▸ WHAT NEEDS TO BE DONE
Reproduce the material below only from the line with "del_18q12.2 cnv correlated" to the line with "kg /n /n /n/n/n/n/n", both included, keeping each line exact and dropping the pictures.

:: SOURCE INFORMATION

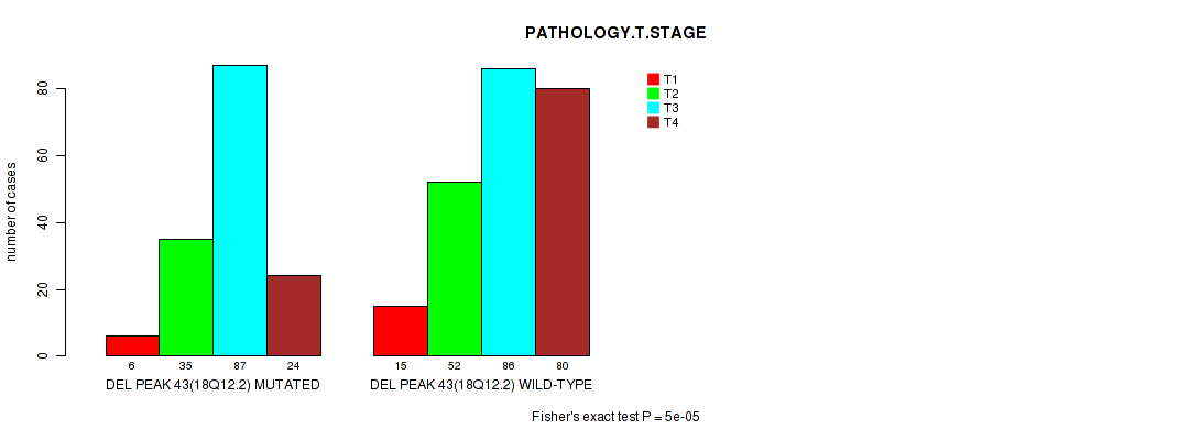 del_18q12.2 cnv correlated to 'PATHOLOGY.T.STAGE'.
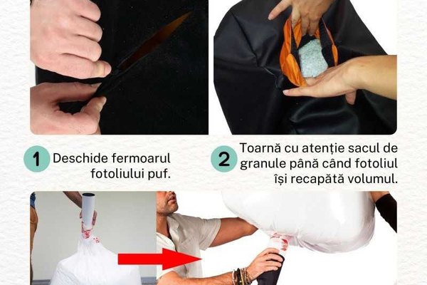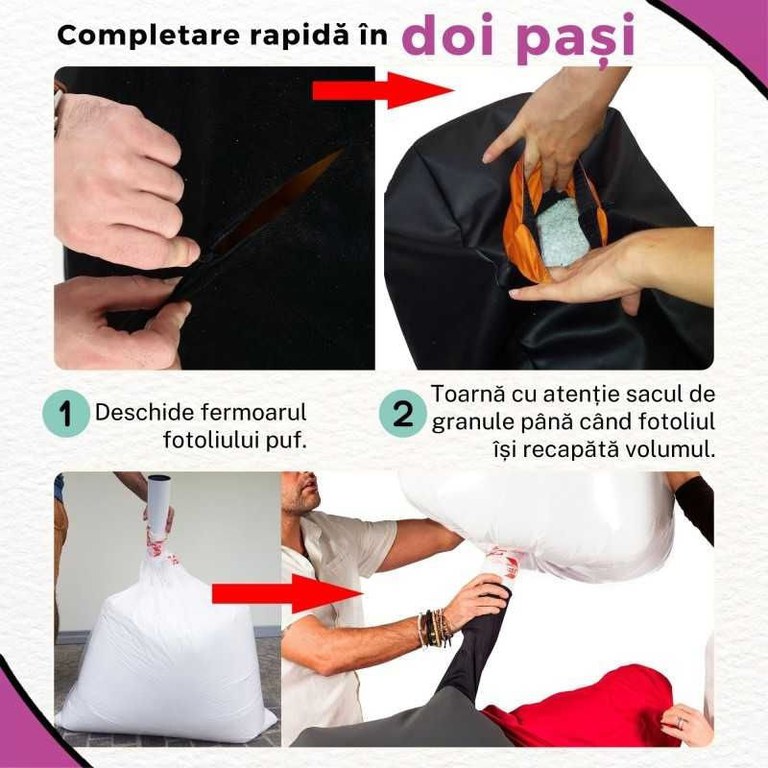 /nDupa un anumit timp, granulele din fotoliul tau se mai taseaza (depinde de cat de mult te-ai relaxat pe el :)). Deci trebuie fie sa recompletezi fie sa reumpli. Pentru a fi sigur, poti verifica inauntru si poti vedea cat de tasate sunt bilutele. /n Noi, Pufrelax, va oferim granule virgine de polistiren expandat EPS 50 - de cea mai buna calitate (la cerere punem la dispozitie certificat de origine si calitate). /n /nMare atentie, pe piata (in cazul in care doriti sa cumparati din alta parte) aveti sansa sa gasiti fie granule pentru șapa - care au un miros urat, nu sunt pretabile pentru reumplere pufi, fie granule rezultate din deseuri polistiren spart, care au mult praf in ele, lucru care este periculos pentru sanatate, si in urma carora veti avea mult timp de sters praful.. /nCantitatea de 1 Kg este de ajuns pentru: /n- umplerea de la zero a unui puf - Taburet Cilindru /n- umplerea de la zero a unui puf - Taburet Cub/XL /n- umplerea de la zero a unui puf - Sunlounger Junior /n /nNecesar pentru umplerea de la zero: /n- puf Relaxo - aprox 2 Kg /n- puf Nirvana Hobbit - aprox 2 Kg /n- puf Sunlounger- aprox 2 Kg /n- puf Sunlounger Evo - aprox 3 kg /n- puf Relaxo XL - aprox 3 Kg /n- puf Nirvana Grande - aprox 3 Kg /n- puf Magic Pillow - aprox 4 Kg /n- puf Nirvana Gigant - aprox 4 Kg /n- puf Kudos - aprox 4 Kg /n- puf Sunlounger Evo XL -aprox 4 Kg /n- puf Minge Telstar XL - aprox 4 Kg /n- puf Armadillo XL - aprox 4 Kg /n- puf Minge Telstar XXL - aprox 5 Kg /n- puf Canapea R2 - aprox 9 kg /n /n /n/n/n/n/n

::::
:: SOURCE INFORMATION

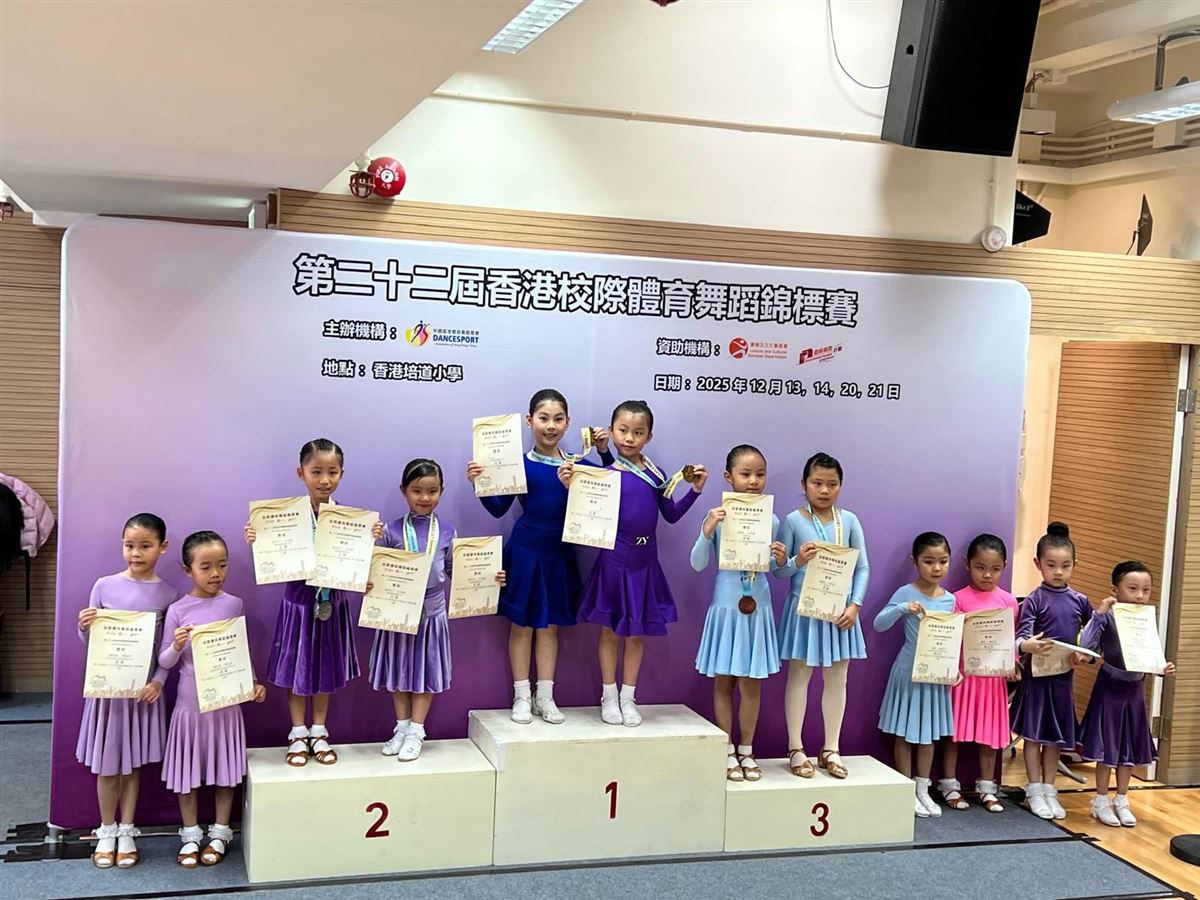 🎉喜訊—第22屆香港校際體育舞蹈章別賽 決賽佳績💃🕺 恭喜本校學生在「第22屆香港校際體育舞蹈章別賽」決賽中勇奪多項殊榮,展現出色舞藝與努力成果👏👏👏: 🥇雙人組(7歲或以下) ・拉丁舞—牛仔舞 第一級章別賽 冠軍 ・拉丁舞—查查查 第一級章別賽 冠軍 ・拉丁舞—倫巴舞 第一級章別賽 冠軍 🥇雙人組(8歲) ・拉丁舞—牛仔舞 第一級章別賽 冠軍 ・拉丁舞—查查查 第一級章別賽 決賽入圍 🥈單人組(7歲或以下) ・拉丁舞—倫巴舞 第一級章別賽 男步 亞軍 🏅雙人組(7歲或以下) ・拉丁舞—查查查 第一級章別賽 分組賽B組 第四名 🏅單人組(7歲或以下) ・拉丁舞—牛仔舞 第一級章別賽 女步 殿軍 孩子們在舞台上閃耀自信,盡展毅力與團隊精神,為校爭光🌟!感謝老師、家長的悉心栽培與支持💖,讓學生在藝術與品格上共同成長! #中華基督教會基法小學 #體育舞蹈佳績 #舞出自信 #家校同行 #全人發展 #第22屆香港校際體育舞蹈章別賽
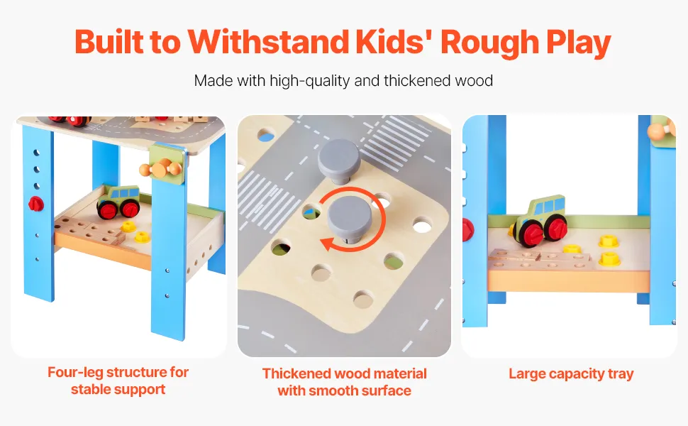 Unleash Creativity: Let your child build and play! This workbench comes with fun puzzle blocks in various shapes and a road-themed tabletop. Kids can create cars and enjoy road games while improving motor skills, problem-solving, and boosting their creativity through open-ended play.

::::
:: SOURCE INFORMATION

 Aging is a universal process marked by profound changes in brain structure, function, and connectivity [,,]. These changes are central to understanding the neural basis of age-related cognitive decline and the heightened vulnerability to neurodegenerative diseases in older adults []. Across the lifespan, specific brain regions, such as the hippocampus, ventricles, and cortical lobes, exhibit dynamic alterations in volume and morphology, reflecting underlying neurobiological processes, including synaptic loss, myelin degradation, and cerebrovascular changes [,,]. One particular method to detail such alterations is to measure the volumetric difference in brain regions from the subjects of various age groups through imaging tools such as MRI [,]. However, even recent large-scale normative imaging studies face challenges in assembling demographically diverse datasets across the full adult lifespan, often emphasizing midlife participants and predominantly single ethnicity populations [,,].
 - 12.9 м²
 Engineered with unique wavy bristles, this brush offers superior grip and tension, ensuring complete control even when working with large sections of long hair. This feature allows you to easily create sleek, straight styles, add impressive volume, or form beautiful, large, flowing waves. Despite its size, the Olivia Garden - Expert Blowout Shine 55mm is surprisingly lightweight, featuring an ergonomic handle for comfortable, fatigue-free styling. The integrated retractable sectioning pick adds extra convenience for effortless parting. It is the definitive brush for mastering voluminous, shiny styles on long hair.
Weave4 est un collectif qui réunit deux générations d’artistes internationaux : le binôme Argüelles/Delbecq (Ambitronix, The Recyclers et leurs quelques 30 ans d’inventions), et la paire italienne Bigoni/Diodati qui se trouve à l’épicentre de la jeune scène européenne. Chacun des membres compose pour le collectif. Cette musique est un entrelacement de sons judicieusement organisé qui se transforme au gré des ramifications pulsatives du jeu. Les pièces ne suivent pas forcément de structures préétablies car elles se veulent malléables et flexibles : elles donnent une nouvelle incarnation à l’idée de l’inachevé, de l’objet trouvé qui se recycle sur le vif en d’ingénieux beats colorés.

::::

▸ RESULT OF THE EXERCISE
 del_18q12.2 cnv correlated to 'PATHOLOGY.T.STAGE'.
 /nDupa un anumit timp, granulele din fotoliul tau se mai taseaza (depinde de cat de mult te-ai relaxat pe el :)). Deci trebuie fie sa recompletezi fie sa reumpli. Pentru a fi sigur, poti verifica inauntru si poti vedea cat de tasate sunt bilutele. /n Noi, Pufrelax, va oferim granule virgine de polistiren expandat EPS 50 - de cea mai buna calitate (la cerere punem la dispozitie certificat de origine si calitate). /n /nMare atentie, pe piata (in cazul in care doriti sa cumparati din alta parte) aveti sansa sa gasiti fie granule pentru șapa - care au un miros urat, nu sunt pretabile pentru reumplere pufi, fie granule rezultate din deseuri polistiren spart, care au mult praf in ele, lucru care este periculos pentru sanatate, si in urma carora veti avea mult timp de sters praful.. /nCantitatea de 1 Kg este de ajuns pentru: /n- umplerea de la zero a unui puf - Taburet Cilindru /n- umplerea de la zero a unui puf - Taburet Cub/XL /n- umplerea de la zero a unui puf - Sunlounger Junior /n /nNecesar pentru umplerea de la zero: /n- puf Relaxo - aprox 2 Kg /n- puf Nirvana Hobbit - aprox 2 Kg /n- puf Sunlounger- aprox 2 Kg /n- puf Sunlounger Evo - aprox 3 kg /n- puf Relaxo XL - aprox 3 Kg /n- puf Nirvana Grande - aprox 3 Kg /n- puf Magic Pillow - aprox 4 Kg /n- puf Nirvana Gigant - aprox 4 Kg /n- puf Kudos - aprox 4 Kg /n- puf Sunlounger Evo XL -aprox 4 Kg /n- puf Minge Telstar XL - aprox 4 Kg /n- puf Armadillo XL - aprox 4 Kg /n- puf Minge Telstar XXL - aprox 5 Kg /n- puf Canapea R2 - aprox 9 kg /n /n /n/n/n/n/n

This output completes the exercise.